Irracionais
Gravo este áudio enquanto ainda me resta bateria, por isso, serei breve. Essa noite aconteceram coisas estranhas aqui em casa. Acordei bastante assustado. Olhei para os lados e não encontrei minha mulher. Até pensei que ela estivesse tomando um ar na varanda, então, escutei ruídos bizarros que pareciam vir dos fundos, da edícula em que o nosso cachorro dorme. De sobressalto, pulei da cama e caminhei no meio do breu até o quarto do bebê.

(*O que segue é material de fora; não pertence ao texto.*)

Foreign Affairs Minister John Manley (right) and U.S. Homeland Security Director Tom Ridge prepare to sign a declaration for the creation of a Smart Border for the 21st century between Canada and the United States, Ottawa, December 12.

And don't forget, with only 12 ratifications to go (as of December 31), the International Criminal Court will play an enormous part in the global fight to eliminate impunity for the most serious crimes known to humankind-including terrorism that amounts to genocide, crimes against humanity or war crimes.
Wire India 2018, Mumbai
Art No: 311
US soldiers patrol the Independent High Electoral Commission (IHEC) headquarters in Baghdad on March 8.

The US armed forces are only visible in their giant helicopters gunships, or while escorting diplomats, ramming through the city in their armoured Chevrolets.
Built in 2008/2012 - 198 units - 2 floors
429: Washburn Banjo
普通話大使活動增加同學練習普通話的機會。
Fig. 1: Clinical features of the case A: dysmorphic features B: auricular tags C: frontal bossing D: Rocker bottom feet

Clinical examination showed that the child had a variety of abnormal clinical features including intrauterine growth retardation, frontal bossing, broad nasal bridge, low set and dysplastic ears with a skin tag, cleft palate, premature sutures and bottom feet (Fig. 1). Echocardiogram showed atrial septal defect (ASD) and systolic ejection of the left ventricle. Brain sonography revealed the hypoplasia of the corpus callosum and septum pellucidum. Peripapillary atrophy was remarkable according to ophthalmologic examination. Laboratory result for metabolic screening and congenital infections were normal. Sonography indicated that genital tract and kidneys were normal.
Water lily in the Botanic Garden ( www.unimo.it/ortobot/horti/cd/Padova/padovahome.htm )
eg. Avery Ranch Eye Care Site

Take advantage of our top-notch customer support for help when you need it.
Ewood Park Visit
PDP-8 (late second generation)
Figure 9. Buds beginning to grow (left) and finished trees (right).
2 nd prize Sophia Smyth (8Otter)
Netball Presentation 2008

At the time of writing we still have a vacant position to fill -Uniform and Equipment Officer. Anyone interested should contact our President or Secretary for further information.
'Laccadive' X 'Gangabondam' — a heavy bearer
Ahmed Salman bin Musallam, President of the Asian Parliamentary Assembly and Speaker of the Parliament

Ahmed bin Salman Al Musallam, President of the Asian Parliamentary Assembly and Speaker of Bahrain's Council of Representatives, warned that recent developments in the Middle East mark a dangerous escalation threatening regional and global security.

A luz fraca do móbile de bichinhos criava sombras disformes por todo o ambiente, porém, suficientes para mostrar que não havia ninguém ali: nem mãe, nem criança. Mais uma vez, ouvi aquele barulho distante e anormal. Meus ombros já estavam enrijecidos e minhas mãos trêmulas, quando segui tateando as paredes na escuridão em busca de respostas. A cada passo dado, pé ante pé, o pequeno corredor ganhava mais metros de distância.
Me aproximei da cozinha e percebi a porta do quintal escancarada e as luzes acesas. Ouvi de novo o barulho, parecia um urro de outro mundo. Naquele instante, todos os pelos da minha nuca se arrepiaram e eu só pensava na minha família e no que poderia encontrar do lado de fora.
Foi então que vi meu filho e sua mãe, abraçados a um bicho enorme e diferente de tudo o que eu já tinha visto na vida. Uma criatura com pelagem densa, focinho largo, mandíbula volumosa e dentes que mais pareciam pequenas facas aglomeradas. No entanto, seu olhar de fera tinha alguma coisa familiar. Olhos amedrontados e, ao mesmo tempo, amáveis. Sim, era o nosso cachorro!
Fiquei com a boca seca e hipnotizado com tudo o que estava acontecendo. Até que, de repente, ouvi gritos desesperados, latidos assustados, disparos de arma de fogo e grunhidos agonizantes. Aquilo estava acontecendo por toda a vizinhança e, pelo visto, eles estão dispostos a sacrificar as criaturas para se salvarem.
Eles arrombaram o portão e invadiram a minha casa. Pela gritaria odiosa, estão desesperados à procura do meu cachorro. Não há mais tempo, minha bateria está acabando, tenho apenas 1%. Chegou a hora de salvar minha família desses animais irracionais.
Dedico esse conto a Amy, meu amor vira-lata!